05:17 Interviewer: Asks question about difference between Neuro and
Somo disorders... Ken explains. Talks about prejudice against people
who work in the field, the difficulty in getting disability insurance
payments, and doctors under investigation for treating biomedically,
including Myhill, and one other whos name is not yet in the public
domain and is not given here either.

10:00 Talks about his SOK presentation April 6th this year and the
prejudice against researchers and patients and doctors. "The
underlying thing (belief) is that if you don't have a test for it,
then it doesn't exist" Goes on to talk about sectioned patients in
England and forcibly removed children in the US

15.30 Music break

18:44 Interviewer: "Did the conference hold out hope for any of
these situations in its attempts to change the view of CF and of new
research?

Ken: I think there is - um - I think we all, both patients and
researchers and healthcare providers left the conference with a much
more positive attitude, and I think that because we all left knowing
that it is still a puzzle and that we do not have all the answers or
know all the pieces of the puzzle but that we are divising a method or
methods of working with the pieces of the puzzle. For example, there
are now at least four different definitions of Chronic Fatigue
Syndrome, and we think we have a pretty good research definition of
Chronic Fatigue Syndrome and a pretty good definition for diagnosing
and treating Chronic Fatigue Syndrome.

Interviewer: Care to share any of those?

Ken: Well the research definition that seems to be used is something
called the Fukuda case definition, Fukuda et al, which dates back to
1994, and that definition has been used since that date forward.

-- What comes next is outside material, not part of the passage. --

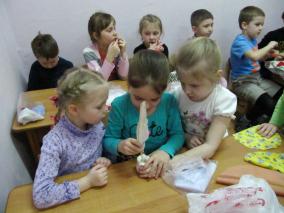 На выездном мероприятии "Старинная игрушка - русская забава" дети познакомились с историей игрушки. Ребята узнали, как отличать дымковскую игрушку от филимоновской, собирали матрёшек. Кроме того, ребята узнали историю традиционной тряпичной куклы. Поиграли в игру "Отгадай, что за кукла?", на примере кукол, сделанных народным мастером И.В. Агаевой. Для детей был проведён мастер-класс по изготовлению тряпичной куклы "Колокольчик". Они сами смогли сделать яркие и красочные "Колокольчики".
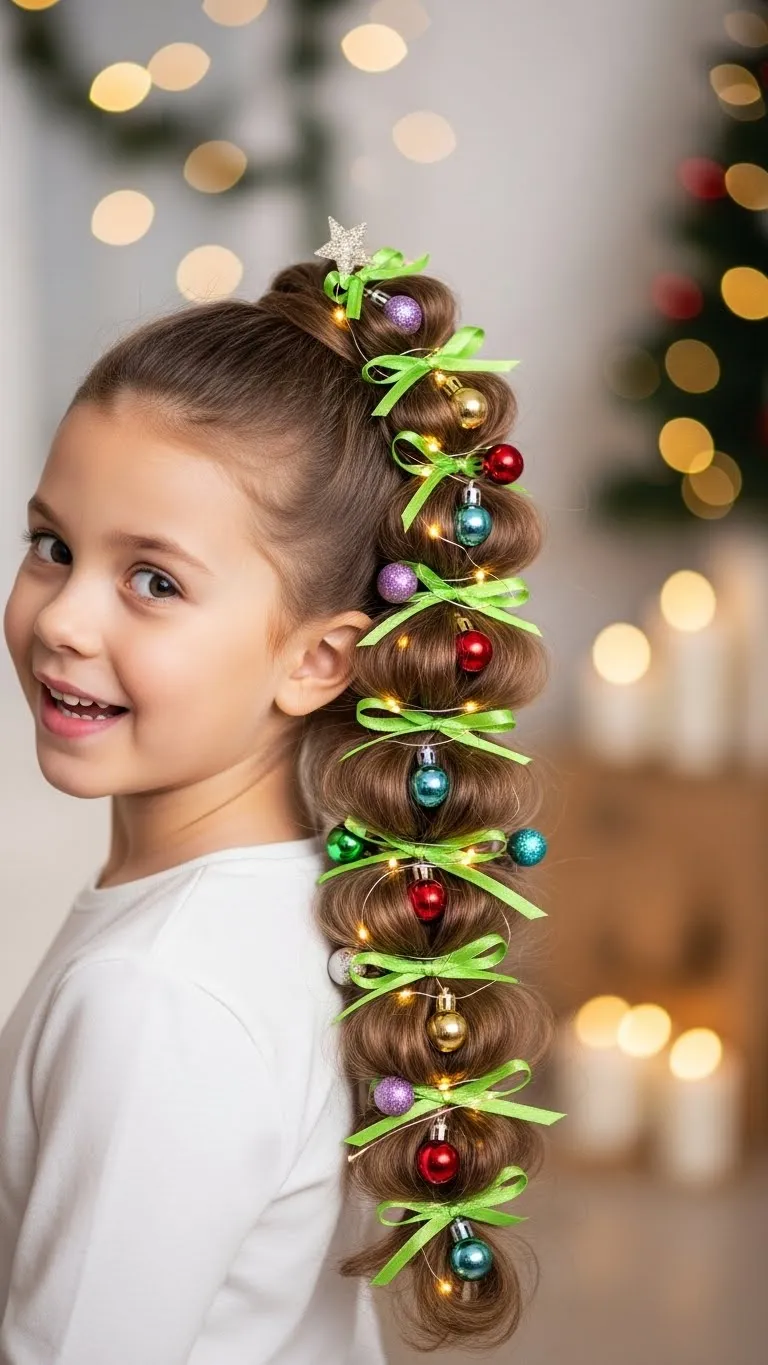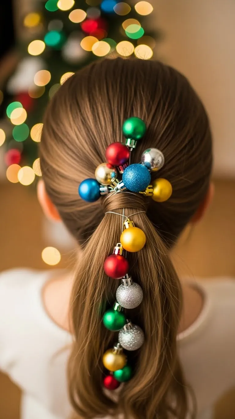 This ponytail uses tiny ornaments for a festive look. Gather a ponytail. Tie small ornaments to elastic strings and wrap them around the base. Make sure the ornaments are lightweight plastic so they’re safe for kids. You can find packs at budget stores. Kids enjoy choosing the colors. This look works for short or long ponytails. Keep the rest simple so the ornaments stand out. It takes little time and stays neat for hours. Great for parties or Christmas photos. Add a bow if your child wants extra flair.

It
is much more restrictive a case definition than one would like to see
used on patients, but it helps to define a patient population that is
relatively suffering from similar symptoms and so therefore for
research purposes you are apt to get results that are clearly defined

Interviewer: So it's a conservative definition

Ken: A conservative definition that may exclude some patients and
therefore is not workable in a clinical situation.

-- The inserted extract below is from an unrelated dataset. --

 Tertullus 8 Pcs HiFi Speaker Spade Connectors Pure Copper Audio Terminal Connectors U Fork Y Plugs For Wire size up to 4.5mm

In the clinical situation, you want something that is more relaxed, or
a more inclusive definition, and there are actually a couple of
those. There's what's called the Canadian case definition, which was
developed in 2003, 2004, and that seems to be very good at identifying
patients and their key symptoms, and having them diagnosed as having
Chronic Fatigue Syndrome and then there is a brand new one that has
been developed in 2011 that is called the International case
definition, and that one is essentially too new for anyone to have any
sense of how it will fare, as either a patient case definition or as a
research case definition.

But what seems to have happened at this meeting is that there seems to
be agreement that we will collect data or get information from each
patient that will permit us to diagnose patients using several of
these case definitions, (interviewer: really?) so that the information
will not be lost, and so that we will then in retrospect be able to
see which case definition works best, both in the clinical situation
and in the research situation, and that's a much more intelligent
approach than trying to squeeze all patients into one case definition,
and obviously excluding some patients from treatment because they
don't fit this particular case definition.

(i.e. suck it and see. This bit really worries me. jc)

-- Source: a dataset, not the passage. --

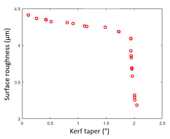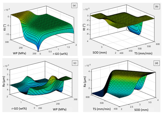 The influence of various AWJC parameters and the inclusion of r-GO with varying weight percentages on the quality characteristics of processed FILs at varying cutting conditions are described in the ANFIS surface plots (Figure 10a–d). The influence of waterjet pressure (WP) and wt% of r-GO on Kt is represented in the 3D surface plot (Figure 10a). The plot reveals that Kt linearly increases with an increase in WP from 200 bar to 300 bar, whereas a slight variation in Kt has been found when the addition of r-GO has been increased from 0 to 2 wt%. When the waterjet pressure is increased, the FILs may be impinged upon by the kinetic energy and flow turbulence of the water-jet stream, creating a wider slot. In addition, interparticle collision is increased by flow turbulence and water-jet expansion, which widens the kerf surface’s taper [12,24]. The consequences of traverse speed (TS) and stand-off distance (SOD) on Kt have been demonstrated in Figure 10b. The plot shows that Kt is linearly widening with an increase in SOD from 2 mm to 4 mm and TS from 400 mm/min to 600 mm/min. This might be because of a narrowing of the effective waterjet caused by higher SOD, which causes the waterjet to flow away from the focusing tube and contract into abrasive particles. As a result, the cutting and penetrating zones of abrasive particles in a waterjet are reduced in energy. The kerf on the bottom cut surface is consequently smaller than the kerf on the top cut surface. Kt was therefore found to be greater at higher SOD levels [25].

One of the interesting papers that was presented at this meeting was
by a clinician, I believe he's at GW, near Washington DC, was sort of
a courageous thing, what he did was he took his Chronic Fatigue
Syndrome patients, and he treated them for Lyme disease, and
approximately a third of them improved, their physical condition
improved when treated for Lyme disease. Its not sure exactly what
that means. We're not sure whether that means that approximately one
third of the patients in his patient population had Lyme disease, and
were just missed with the Lyme disease diagnosis, but when they were
treated for Lyme disease actually improved, or whether the actual, or
their particular kind of Chronic Fatigue Syndrome is susceptible to
the same sort of treatment with anti-biotics that are used in the
treatment of Lyme disease, so that there is at least potential overlap
between Chronic Fatigue Syndrome and other illnesses, and this is
something that needs to be looked at much more carefully.

24:15 Interviewer: And you spoke of multiple causes too, or multiple origins?

Ken: Yes, I do believe that there are multiple origins, and I
believe that the majority of clinicians and researchers at this
meeting were coming to this point of view. Because there are a number
of infectious agents that have been found to be initiators of the
illness cycle in patients. One of the names, former names of Chronic
Fatigue Syndrome was chronic Epstein Barr Virus, and now there is work
to show that patients that get sick with other viruses also develop
Chronic Fatigue Syndrome. HHV6 for example, and enterovirus. If
patients do not recover from these viral infections they can develop
Chronic Fatigue Syndrome. So it would appear that Chronic Fatigue
Syndrome is essentially the body's response, or perhaps the body's
immunological response to an infection that isn't cleared from the
body, which might argue that the people in whom this occurs have
immune systems that are unable to clear these infections and therefore
Chronic Fatigue Syndrome represents an immune system abnormality or
defect because these patients lack the ability to clear these
infections from their body.

Interviewer: And they have an immune system what? Inability?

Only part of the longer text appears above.